# [Required action]
When you transcribe the lines below, keep every word the same and leave the pictures behind.

Stored dataset items:

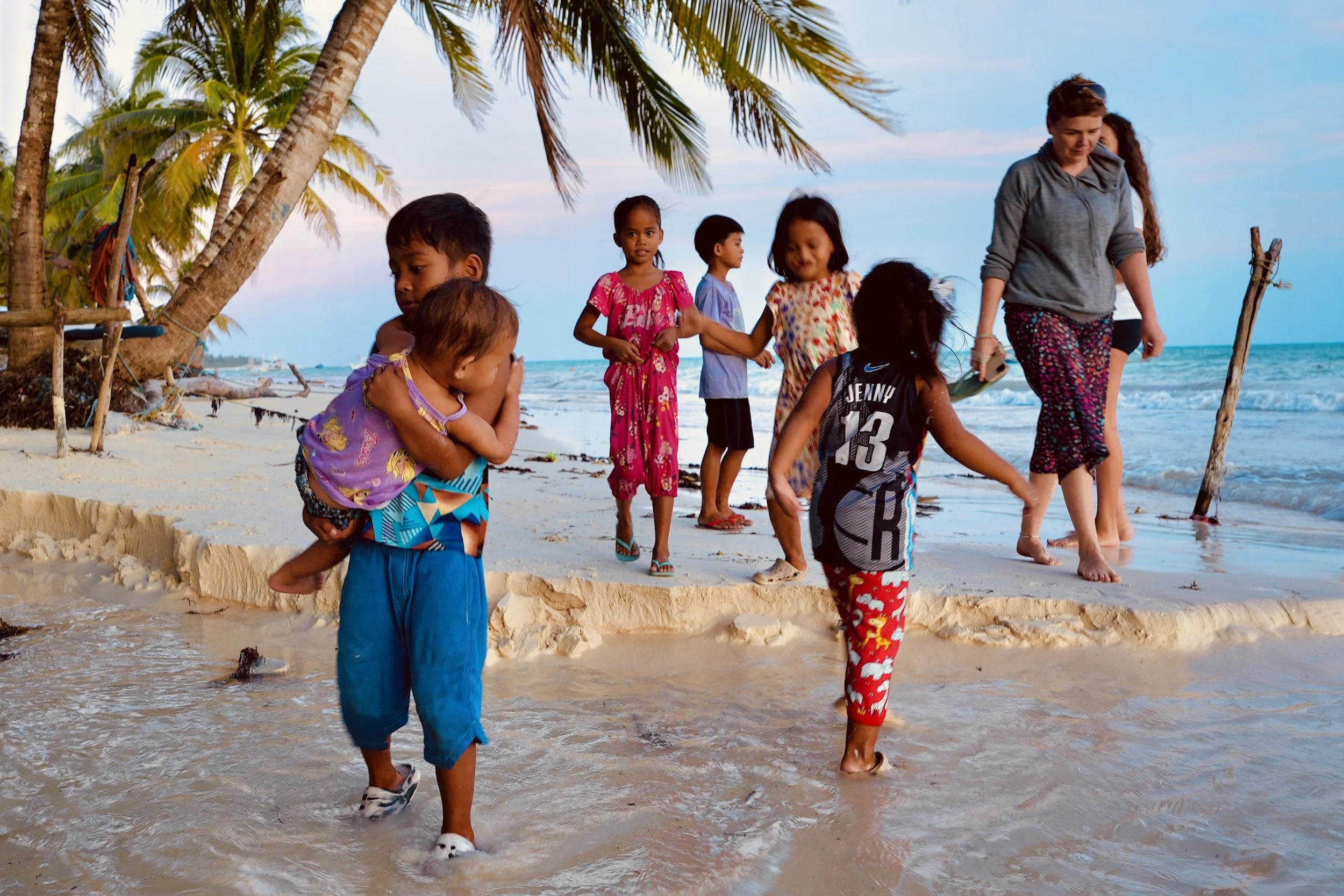 By late afternoon, the light turns honey-gold. The local children appear — barefoot, salt-skinned, alive with laughter. They run through the shallows, daring the waves to catch them, as though the ocean were an old friend who never quite wins the game. Their joy is unselfconscious and pure, the kind that reminds you how much of life can exist outside of time.
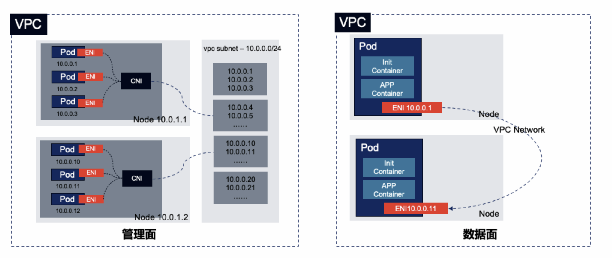 有 VPC-CNI 模式的统一限制:
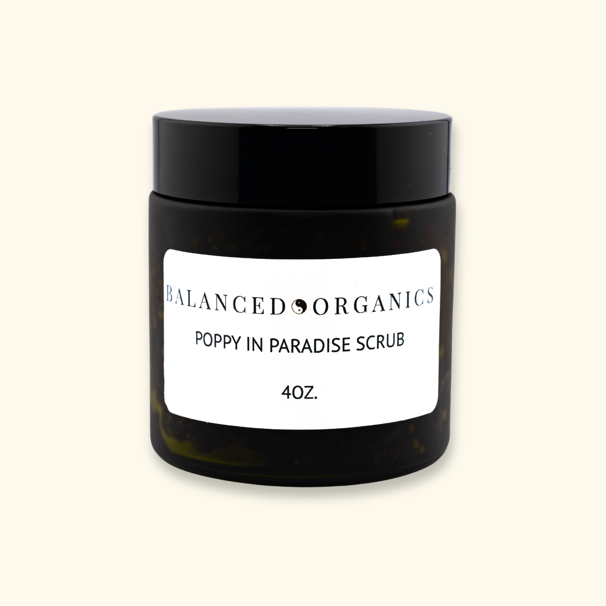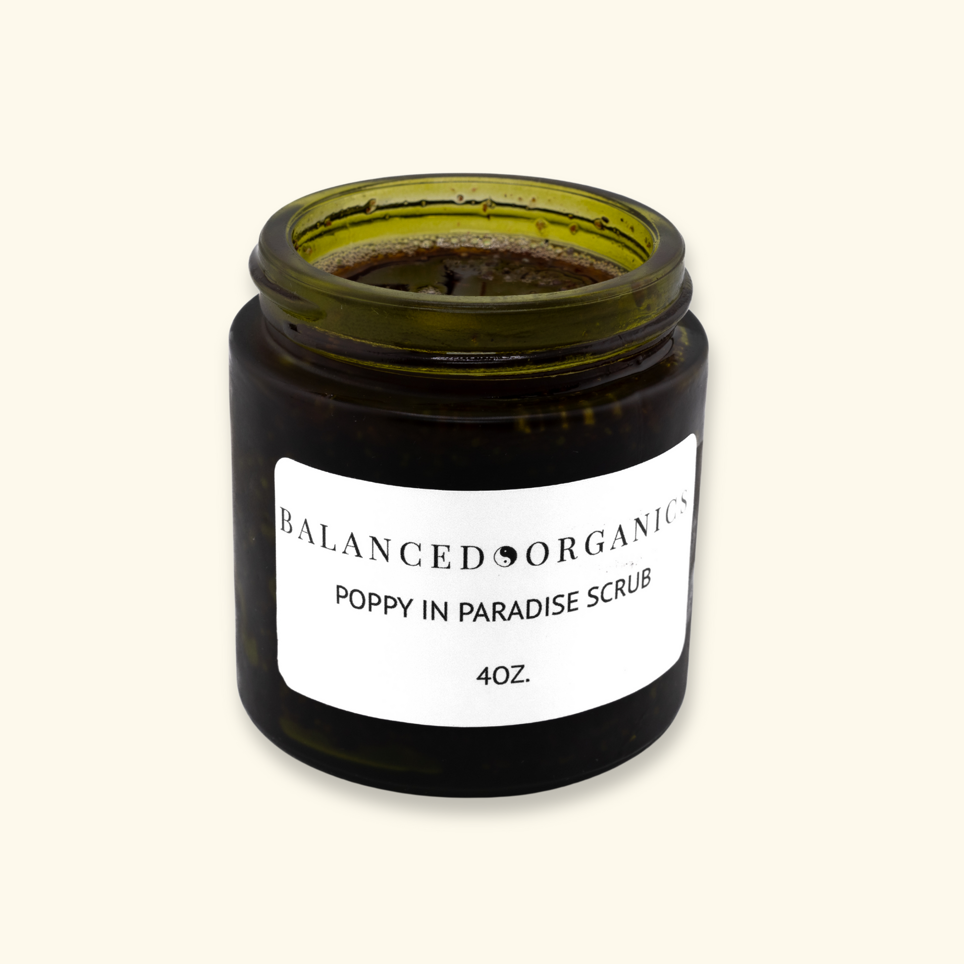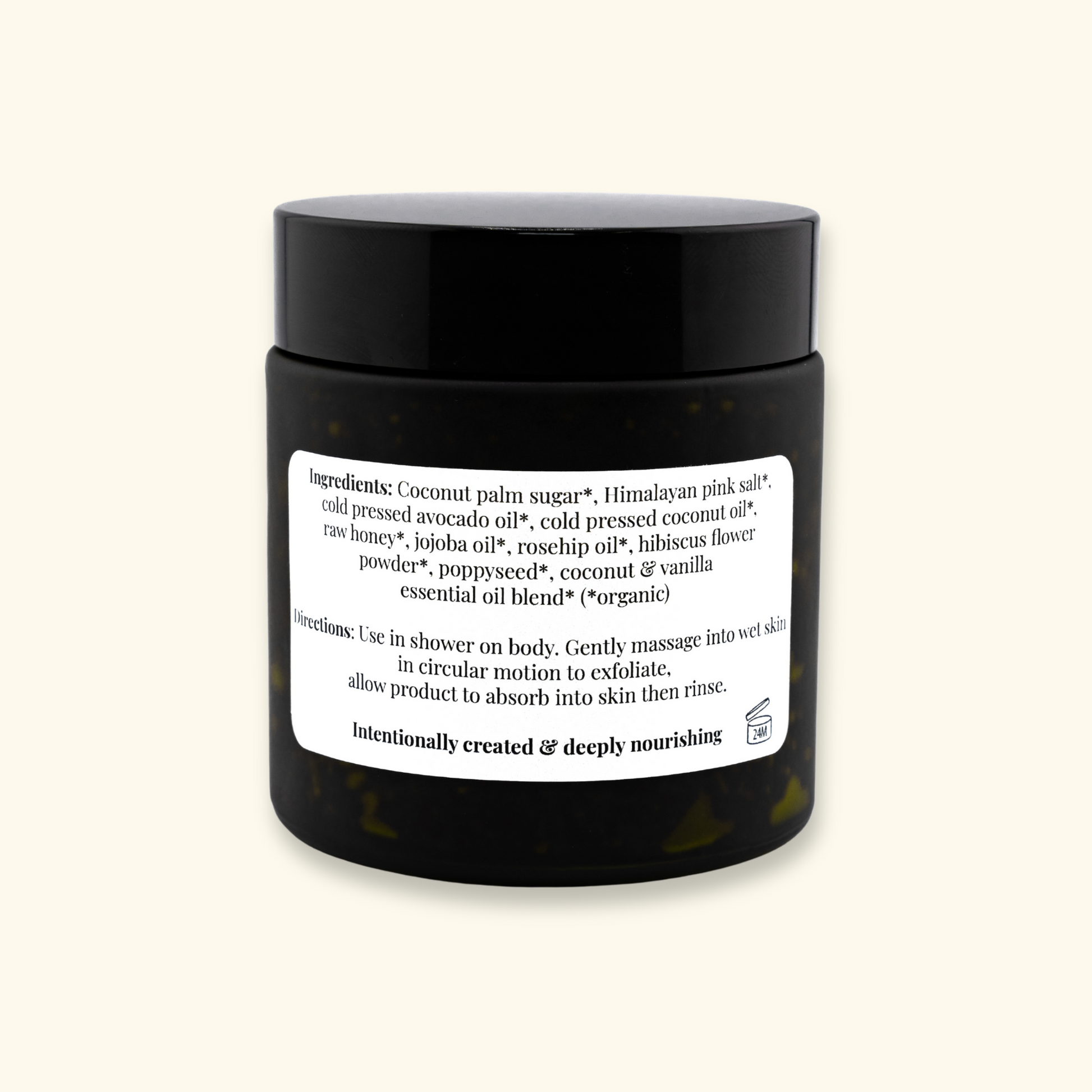 Ingredients: Coconut palm sugar*, Himalayan pink salt, cold pressed avocado oil*, cold pressed coconut oil*, raw honey*, jojoba oil*, rosehip oil*, hibiscus flower powder*, poppyseed*, coconut & vanilla essential oil blend* (*organic)
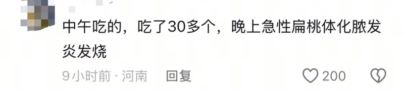 中午吃的,吃了30几个,晚上就急性扁桃体化脓发炎发烧了。
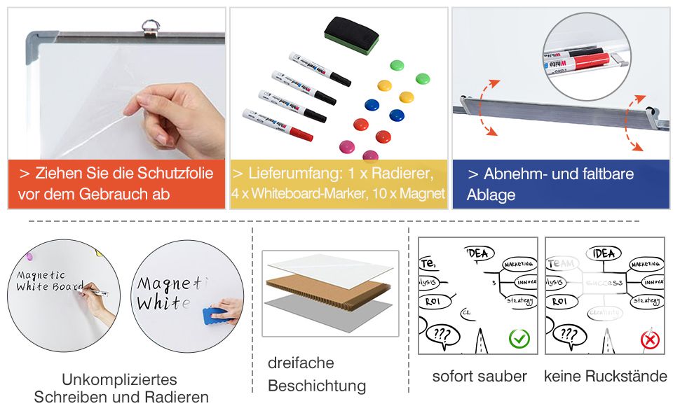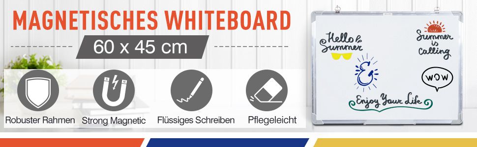 HOMCOM Whiteboard Magnettafel Wandtafel Weißwandtafel magnetisch mit Alurahmen inkl. Boardmarker Boardlöscher und Haftmagneten 60x45 cm
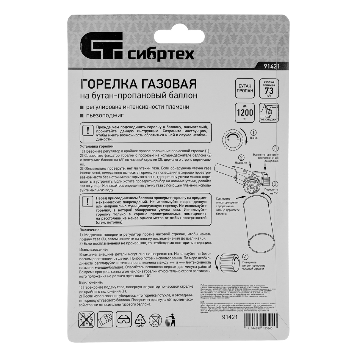 Наличие клапана для сброса давления Горелка газовая на бутановый баллон, пьезоподжиг Сибртех
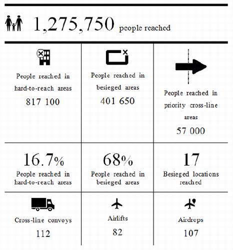 Key points(1) Five inter-agency convoys reached 189,500 people in need in two besieged and eight hard-to-reach locations.
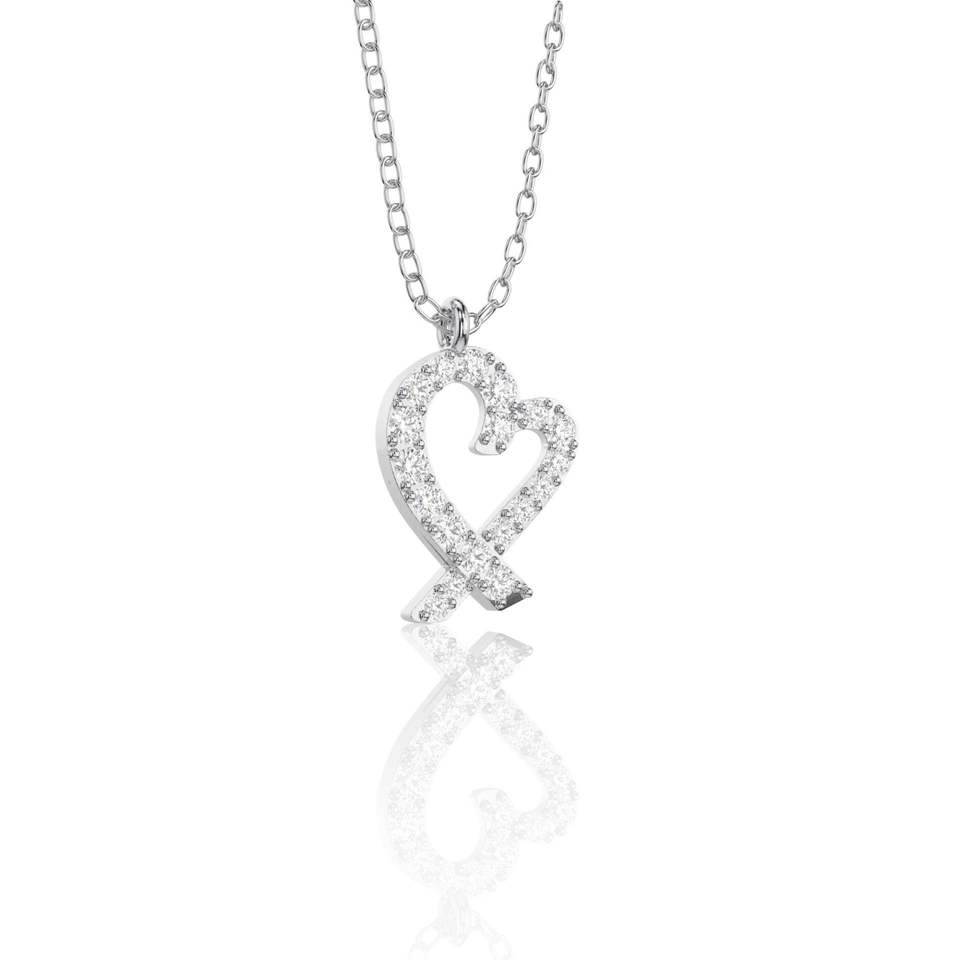 จี้รูปหัวใจแฟนซีทรงกลมประดับมอยส์ซาไนต์สีเงินน่ารักสำหรับผู้หญิง
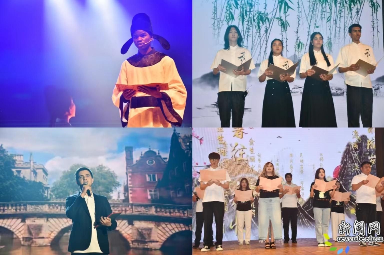 中华优秀传统文化也深深的吸引了国际留学生,他们在这次比赛中带来精彩纷呈的节目。来自乌兹别克斯坦的同学为观众带来了《再别康桥》,他的朗诵,不仅让观众感受到了《再别康桥》的美,更看到了他作为一个留学生,对中文诗歌的热爱和追求。国际学院的留学生以一首《短歌行》致敬传统文化,带领大家静下心来品味这些古典文学的魅力。在《诗魂筑风骨》这一作品中,国际经济贸易学院的留学生们用他们独特的视角和方式,为我们展现中华诗词的深厚内涵和独特魅力。在《将进酒》朗诵中,国际学院的同学用慷慨激昂的语调表达出李白的失望与自信、悲愤与抗争的复杂情绪。来自伊朗的爱琳同学,选择《岳阳楼记》这一经典作品,带领大家感受洞庭湖的风光。
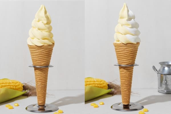 这款甜点的创作目标是将北海道食材的天然风味融入每一口。它采用精心挑选的北海道产牛奶和新鲜奶油,并以北海道产甜玉米(以其浓郁的甜味而闻名)作为特色食材。此外,还加入了岩盐,以突出玉米的甜味并增加深度。最终呈现出一种口感顺滑、奶油味十足、甜度适中的精致冰淇淋。
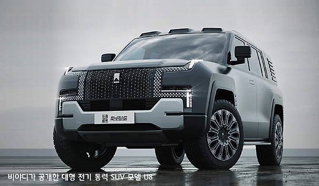 중국의 자동차 메이커 비야디(BYD, 比亚迪)가 얼마전 대형 전기 동력 럭셔리 SUV를 공개했다. 보도된 내용을 종합해 보면 비야디의 자체 프리미엄 브랜드 양왕(仰望)의 플래그 십 SUV로 나온 차량 이름은 U8 이라고 하며, 가격은 80만 위안~150만 위안(약 1억 5천만원~2억 7천만원) 이라고 한다.
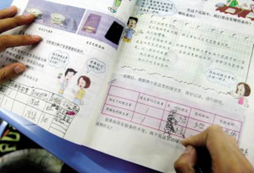 參與調(diào)查的同學(xué)韓迪聰介紹說,調(diào)查發(fā)現(xiàn)同學(xué)們在循環(huán)使用教科書時,因為不能在上面寫字填空了,就需要準備一個本子,抄寫教科書上需要填寫的內(nèi)容。比如說《科學(xué)》,里面就有一些實驗報告,同學(xué)們或者把報告填寫部分抄下來,或者是自己復(fù)印,要不就是只聽課,不做題了。

# [Expected output]
 By late afternoon, the light turns honey-gold. The local children appear — barefoot, salt-skinned, alive with laughter. They run through the shallows, daring the waves to catch them, as though the ocean were an old friend who never quite wins the game. Their joy is unselfconscious and pure, the kind that reminds you how much of life can exist outside of time.
 有 VPC-CNI 模式的统一限制:
 Ingredients: Coconut palm sugar*, Himalayan pink salt, cold pressed avocado oil*, cold pressed coconut oil*, raw honey*, jojoba oil*, rosehip oil*, hibiscus flower powder*, poppyseed*, coconut & vanilla essential oil blend* (*organic)
 中午吃的,吃了30几个,晚上就急性扁桃体化脓发炎发烧了。
 HOMCOM Whiteboard Magnettafel Wandtafel Weißwandtafel magnetisch mit Alurahmen inkl. Boardmarker Boardlöscher und Haftmagneten 60x45 cm
 Наличие клапана для сброса давления Горелка газовая на бутановый баллон, пьезоподжиг Сибртех
 Key points(1) Five inter-agency convoys reached 189,500 people in need in two besieged and eight hard-to-reach locations.
 จี้รูปหัวใจแฟนซีทรงกลมประดับมอยส์ซาไนต์สีเงินน่ารักสำหรับผู้หญิง
 中华优秀传统文化也深深的吸引了国际留学生,他们在这次比赛中带来精彩纷呈的节目。来自乌兹别克斯坦的同学为观众带来了《再别康桥》,他的朗诵,不仅让观众感受到了《再别康桥》的美,更看到了他作为一个留学生,对中文诗歌的热爱和追求。国际学院的留学生以一首《短歌行》致敬传统文化,带领大家静下心来品味这些古典文学的魅力。在《诗魂筑风骨》这一作品中,国际经济贸易学院的留学生们用他们独特的视角和方式,为我们展现中华诗词的深厚内涵和独特魅力。在《将进酒》朗诵中,国际学院的同学用慷慨激昂的语调表达出李白的失望与自信、悲愤与抗争的复杂情绪。来自伊朗的爱琳同学,选择《岳阳楼记》这一经典作品,带领大家感受洞庭湖的风光。
 这款甜点的创作目标是将北海道食材的天然风味融入每一口。它采用精心挑选的北海道产牛奶和新鲜奶油,并以北海道产甜玉米(以其浓郁的甜味而闻名)作为特色食材。此外,还加入了岩盐,以突出玉米的甜味并增加深度。最终呈现出一种口感顺滑、奶油味十足、甜度适中的精致冰淇淋。
 중국의 자동차 메이커 비야디(BYD, 比亚迪)가 얼마전 대형 전기 동력 럭셔리 SUV를 공개했다. 보도된 내용을 종합해 보면 비야디의 자체 프리미엄 브랜드 양왕(仰望)의 플래그 십 SUV로 나온 차량 이름은 U8 이라고 하며, 가격은 80만 위안~150만 위안(약 1억 5천만원~2억 7천만원) 이라고 한다.
 參與調(diào)查的同學(xué)韓迪聰介紹說,調(diào)查發(fā)現(xiàn)同學(xué)們在循環(huán)使用教科書時,因為不能在上面寫字填空了,就需要準備一個本子,抄寫教科書上需要填寫的內(nèi)容。比如說《科學(xué)》,里面就有一些實驗報告,同學(xué)們或者把報告填寫部分抄下來,或者是自己復(fù)印,要不就是只聽課,不做題了。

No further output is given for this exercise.